ECLI:NL:RBROT:2024:11548
Rechtbank Rotterdam
- Eerste aanleg - enkelvoudig
- Rechtspraak.nl
Misbruik van recht door eisers leidt tot niet-ontvankelijkheid in beroep tegen weigering dwangsom door college van burgemeester en wethouders
In deze uitspraak van de Rechtbank Rotterdam op 8 november 2024, is het beroep van eisers tegen de weigering van het college van burgemeester en wethouders van de gemeente Rotterdam om een dwangsom te betalen, niet-ontvankelijk verklaard. De rechtbank oordeelt dat er sprake is van misbruik van recht door eisers. De zaak begon met een aanvraag van eisers op 8 december 2023 voor een uittreksel historische adressen, welke door het college op 24 januari 2024 werd geweigerd. Eisers maakten bezwaar, maar het college bleef bij zijn standpunt. De rechtbank behandelde het beroep op 25 oktober 2024, waarbij de gemachtigde van eisers en het college aanwezig waren.

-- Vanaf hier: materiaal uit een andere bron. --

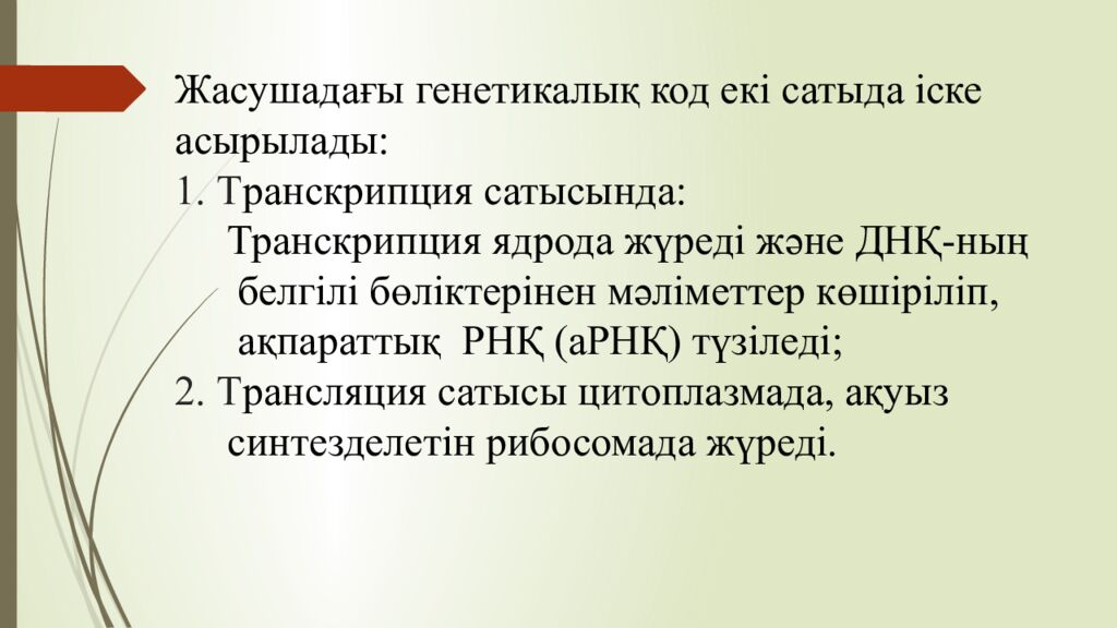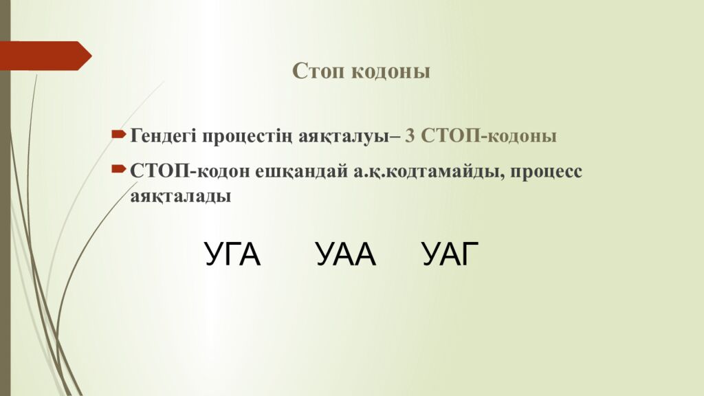 Гендегі процестің аяқталуы – 3 СТОП-кодоны СТОП-кодон ешқандай а.қ.кодтамайды, процесс аяқталады Стоп кодоны УГА УАА УАГ

Eisers voerden aan dat het college ten onrechte geen dwangsom verschuldigd was, omdat het college terugkwam op een eerder besluit. De rechtbank oordeelt echter dat de ingebrekestelling van eisers, die volgde op het niet tijdig beslissen door het college, niet kan leiden tot een dwangsom, omdat het college al had beslist over de aanvragen. De rechtbank verwijst naar eerdere uitspraken van de Afdeling bestuursrechtspraak van de Raad van State, waarin is vastgesteld dat de bevoegdheid om beroep in te stellen niet kan worden ingeroepen indien deze wordt misbruikt.
De rechtbank concludeert dat eisers met hun handelwijze een onevenredig beslag leggen op de rechtbank en dat hun acties gericht zijn op het verkrijgen van dwangsommen, zonder dat er een legitiem procesbelang is. Daarom verklaart de rechtbank eisers niet-ontvankelijk in hun beroep. De uitspraak is openbaar uitgesproken en een afschrift is verzonden aan de betrokken partijen.